As I wrote yesterday, the Cross-State Air Pollution Rule reduces emissions of sulfur dioxide and nitrogen oxides from power plants in 28 eastern states.
EPA issued the rule to implement the “Good Neighbor” provision of the Clean Air Act, which prohibits emissions from power plants in one state that contribute significantly to harmful pollution levels in other states.
The courtroom was packed this morning, as attorneys challenging and defending the rule were questioned by Judges Rogers, Griffith, and Kavanaugh.
The questioning lasted more than two hours.
Opponents of the rule were represented by two lawyers – one for states and one for power companies.
EPA was represented by three attorneys from the Department of Justice.
In addition, three lawyers spoke for intervenors supporting EPA: one for governments (nine states and several cities); one for power companies supporting the rule; and one for public health and environmental organizations — including EDF.
The court first explored one of the claims by the opponents: that EPA lacked the statutory authority to issue federal plans requiring emission reductions without first giving the states more time to submit their own proposed plans.

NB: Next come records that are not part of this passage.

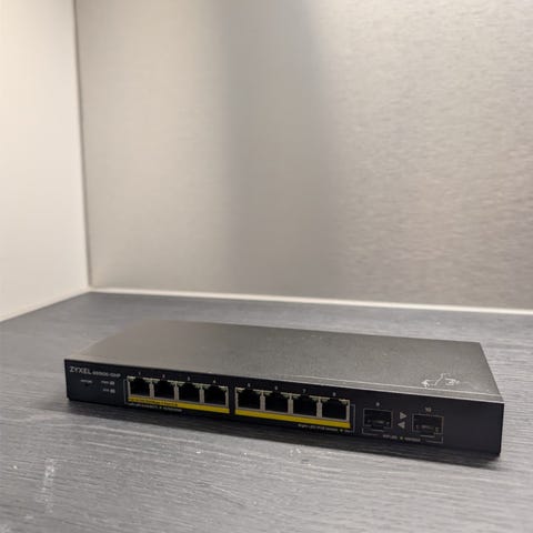 Myydään toimiva Zyxel GS1900-8 -hallittava gigabit-kytkin.
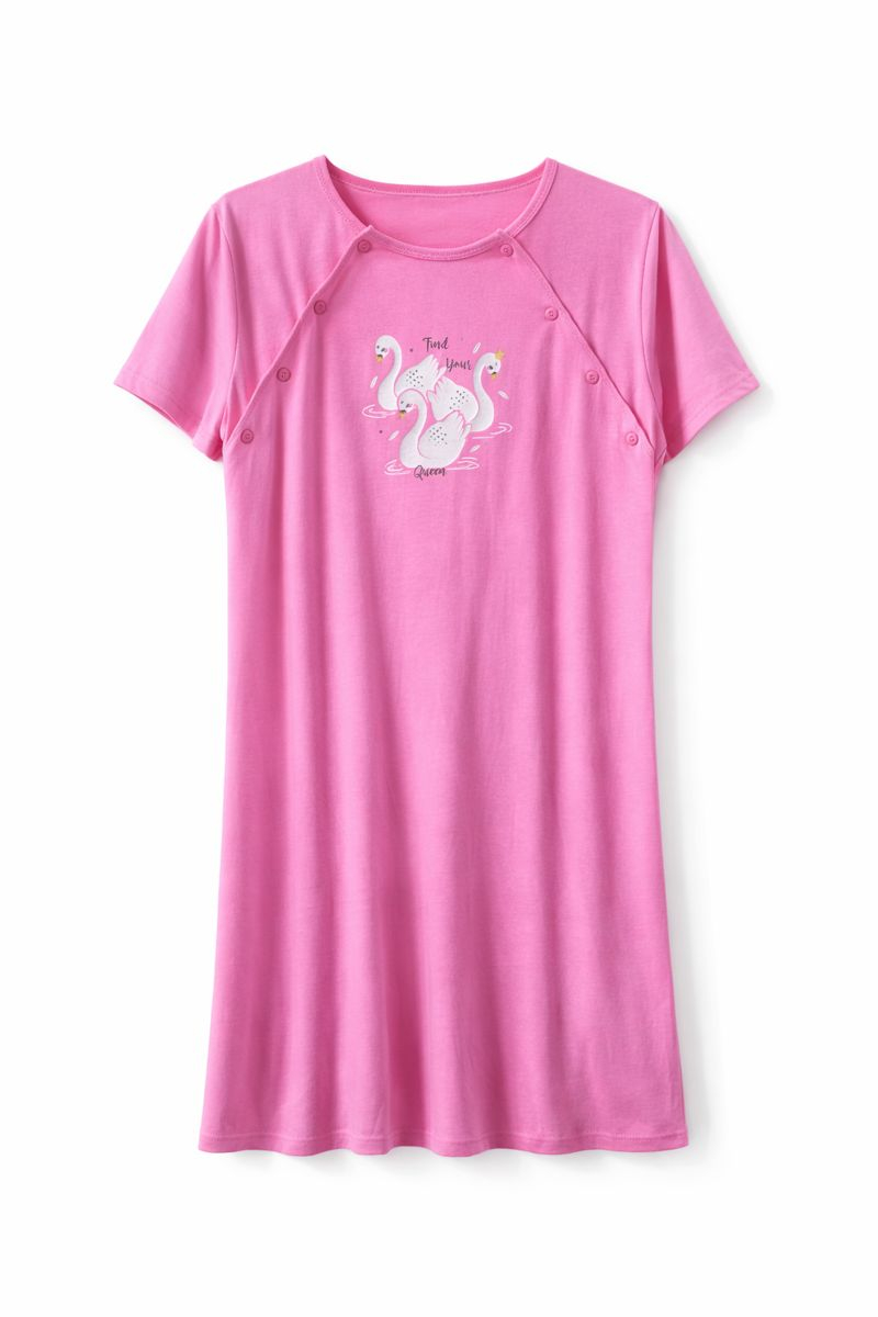 Sistemul practic cu nasturi laterali permite acces rapid și discret pentru alăptare, fără a fi nevoie să scoți complet cămașa. Croiala lejeră oferă libertate de mișcare și confort sporit, iar culoarea roz, împreună cu imprimeul delicat, adaugă un plus de feminitate.
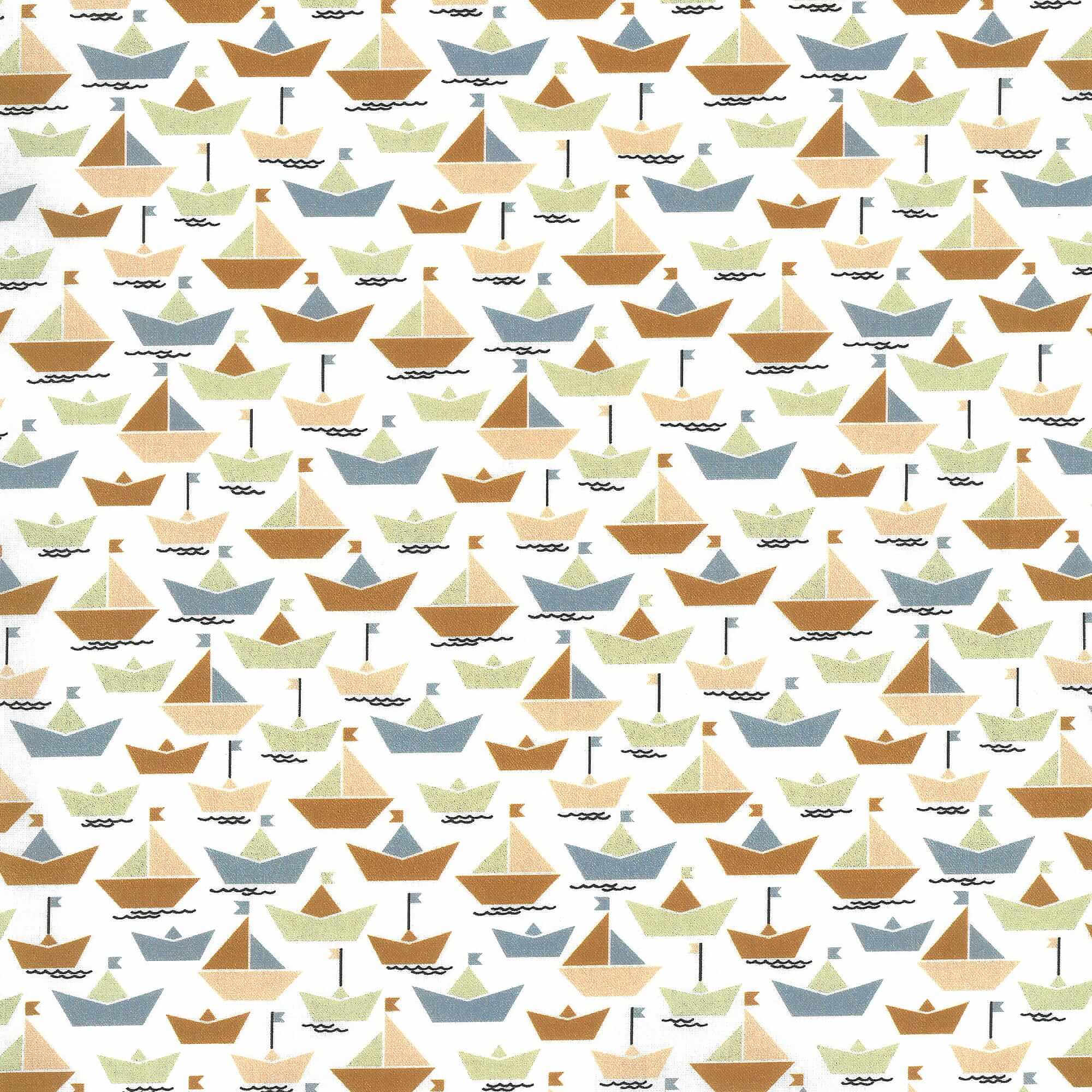 Wunderschöner Druckstoff mit Schiffen in weiß, braun, bleu, rosa, grün aus der Serie Fehmarn von Westfalenstoffe AG.

The opponents claimed that states couldn’t submit their own plans until EPA told them the exact amount of necessary emission reductions.
Judge Rogers pointed out that a similar prior rule was issued in the form of federal plans – and added that the statute doesn’t say that states have to wait for EPA to act before submitting state plans.
Judge Griffith told the opponents’ attorney:
You don’t have a strong plain text argument.
However, when the same issue came up later in the proceeding, Judge Kavanaugh questioned EPA’s counsel about whether it was practical for states to submit plans before EPA quantified the emission reduction requirements.
Another of the opponents’ major claims was that EPA acted “impermissibly” by:
- Using an air quality impact trigger to determine which states should be covered by the rule
- Then using a cost-effectiveness measure to define the required emission reductions
- Then not going back to repeat the air quality impact analysis to see if the emission reductions would take the states below the trigger point for being covered under the rule
Judge Rogers noted that the court had accepted a similar two-part methodology in previous cases.
And both Judge Rogers and Judge Griffith questioned whether the opponents had waived this claim by failing to raise it specifically during EPA’s rulemaking.
The opponents also argued that EPA had failed to sufficiently validate its air quality modeling — raising concerns about whether the required emission reductions based on that modeling were arbitrary.
EPA’s counsel responded by describing how the air quality model was extensively validated for 2005 — the most recent period with data that could be used for the purpose.
EPA’s counsel argued that it was entirely reasonable for EPA to use the validated model to make projections for later years.
The opponents’ counsel argued that point vigorously — comparing EPA’s modeling to a car that is nice and shiny, but won’t start.
EPA’s counsel won a big laugh in the courtroom with his response. He said that, after having shown that the car could drive to the 7-11, EPA was justified in believing that the car could drive a little further down the street to the Starbucks.
The judges were extremely attentive to what both sides had to say throughout the argument. They also asked each of the three lawyers representing EPA to briefly return to the podium a second time to address final points — after all the other attorneys had spoken for the last time.
It was an intense and fascinating morning for those of us in attendance.
Now, we all just wait for the court’s decisions … most likely this summer.